Ligue d'Athlétisme de la Guyane
- Sport: Athletics
- Abbreviation: LAG
- Founded: January 10, 1963
- Affiliation: Fédération française d'athlétisme
- Location: Cayenne
- President: Gaëtan Tariaffe
- Vice president(s): Annie-Claude Lafontaine
- Replaced: Ligue Régionale d'Athlétisme de la Guyane

Official website
- www.athle973.com
- /

= Ligue d'Athlétisme de la Guyane =

The Ligue d'Athlétisme de la Guyane (LAG) is the governing body for the sport of athletics in French Guiana. Last president was Daniel Lapompe-Paironne. He was replaced by Gaëtan Tariaffe.
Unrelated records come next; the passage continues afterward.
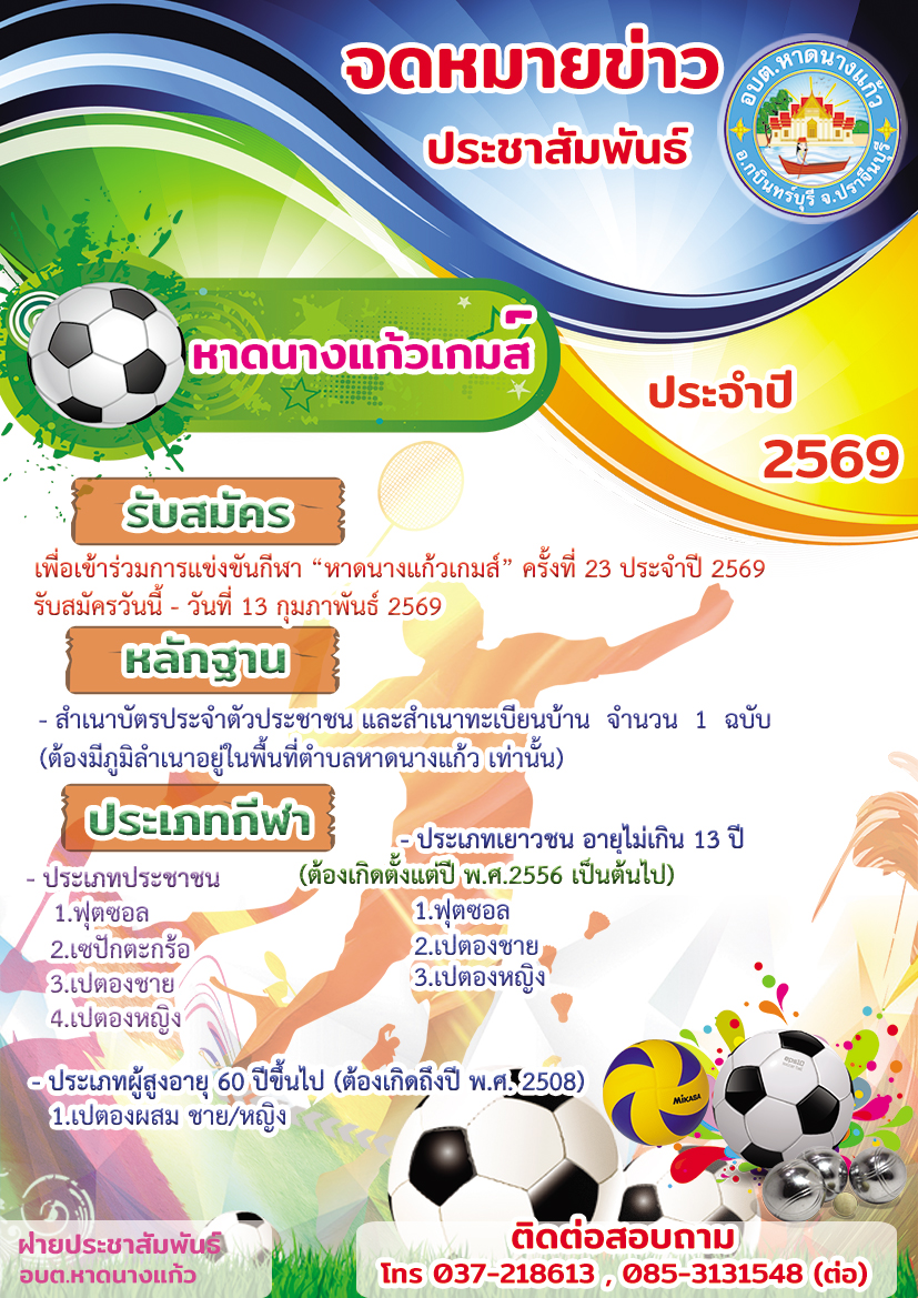 ประกาศรับสมัครทีมกีฬาเพื่อเข้าร่วมเเข่งขันกีฬาต่อต้านยาเสพติด ครั้งที่ 23 ประจำปี 2569 |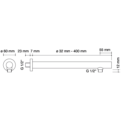 - Ø32 mm - 400 mm - 1/2".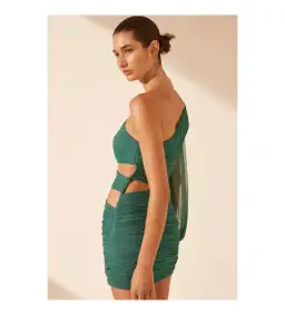 Shona Joy Margot One Shoulder Cut Out Mini Dress in Evergreen Size AU 10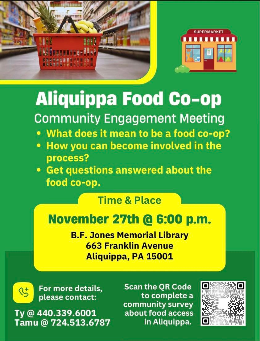 Aliquippa Food Co-Op: Nov. 27 at 6 p.m. at the B.F. Jones Memorial Library, 663 Franklin Ave., Aliquippa. Community engagement meeting to get your questions answered.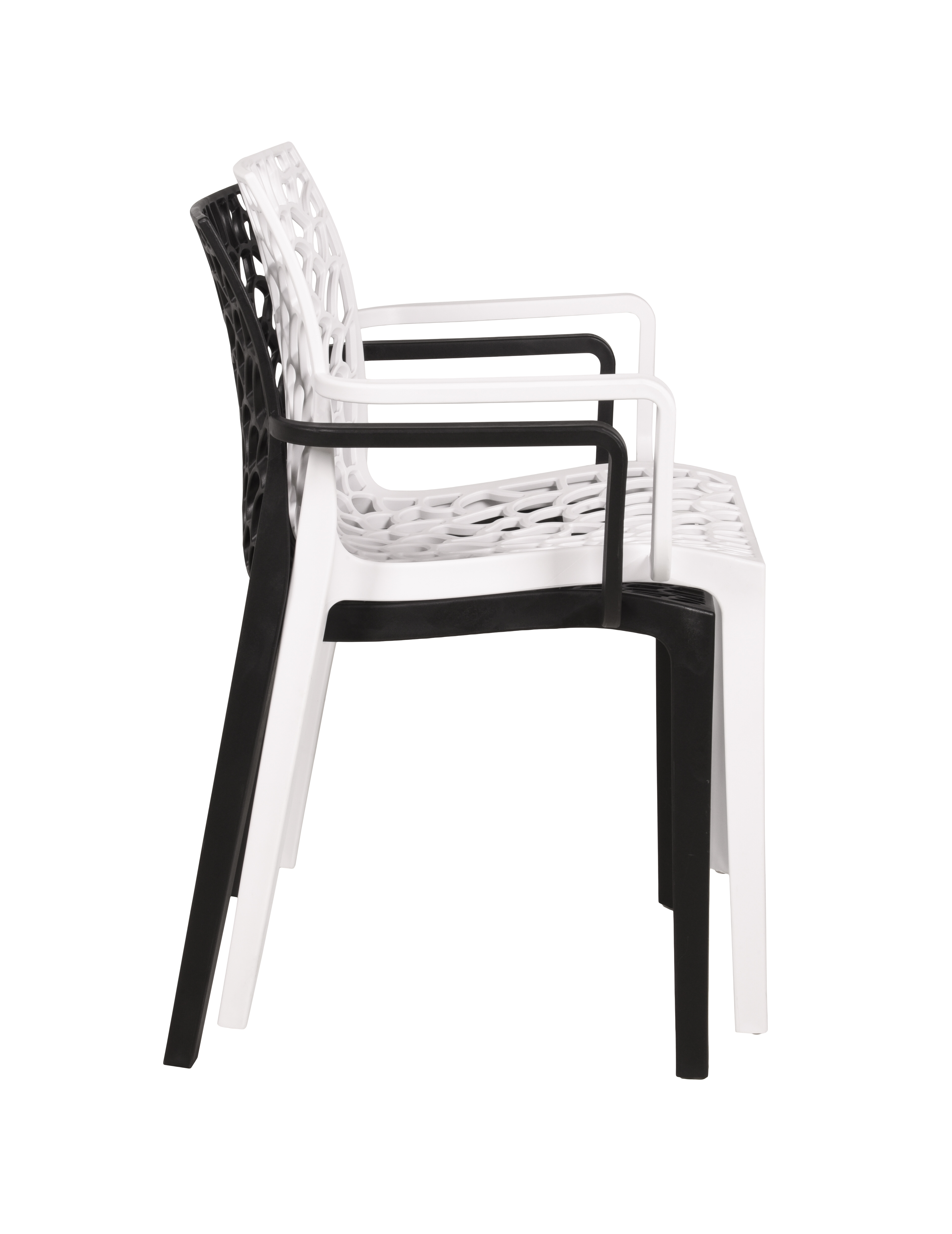 Das zeitlose Design in elegantem Schwarz fügt sich mühelos in unterschiedliche Wohn- und Gartenkonzepte ein. Praktisch im Alltag: Die Stühle sind stapelbar, wobei maximal 4 Stück platzsparend übereinander gestapelt werden können – ideal für eine flexible Nutzung und eine einfache Aufbewahrung.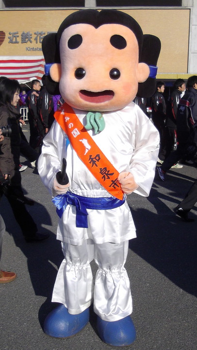 | 池上曽根遺跡の「いずみの高殿」「やよいの大井戸」が発掘された衝撃で2000年前に栄えた「イズミ国」からタイムスリップしてきた。 イズミ国の清らかな水を司る巫女。紀元前52年生まれで16歳。 手に持つ稲穂はイズミ国の豊穣の証し。 2013年、リニューアルされた。 |
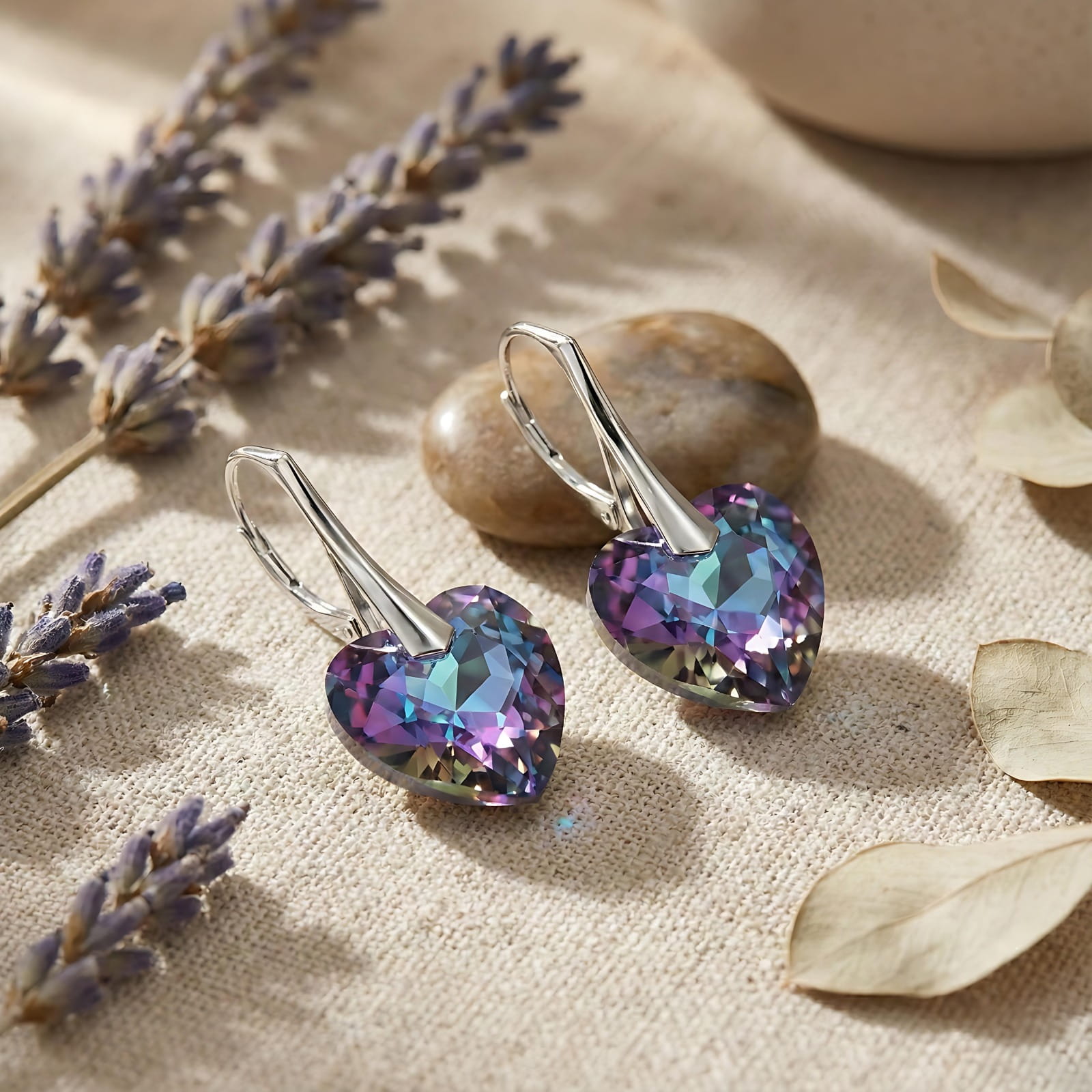 Kolczyki Srebrne 925 Serce Kryształ Vitrail Light

As LAG is part of the Fédération française d'athlétisme, athletes from French Guiana normally participate internationally for France, e.g., in European Athletics Championships as organized by the EAA. On the other hand, French Guiana as a French overseas department is part of the Caribbean. As an observer member of CACAC, French Guiana is invited to participate at the championships, and also at the CARIFTA Games.

== History ==
LAG was founded on January 10, 1963, as the Ligue Régionale d'Athlétisme de la Guyane. First president was Victor Périgny.

== Affiliations ==
- Fédération française d'athlétisme (FAA)
LAG is an observer member federation for French Guiana in the
- Central American and Caribbean Athletic Confederation (CACAC)
LAG is invited to participate at the
- CARIFTA Games

== Regional records ==
LAG maintains the French Guiana records in athletics.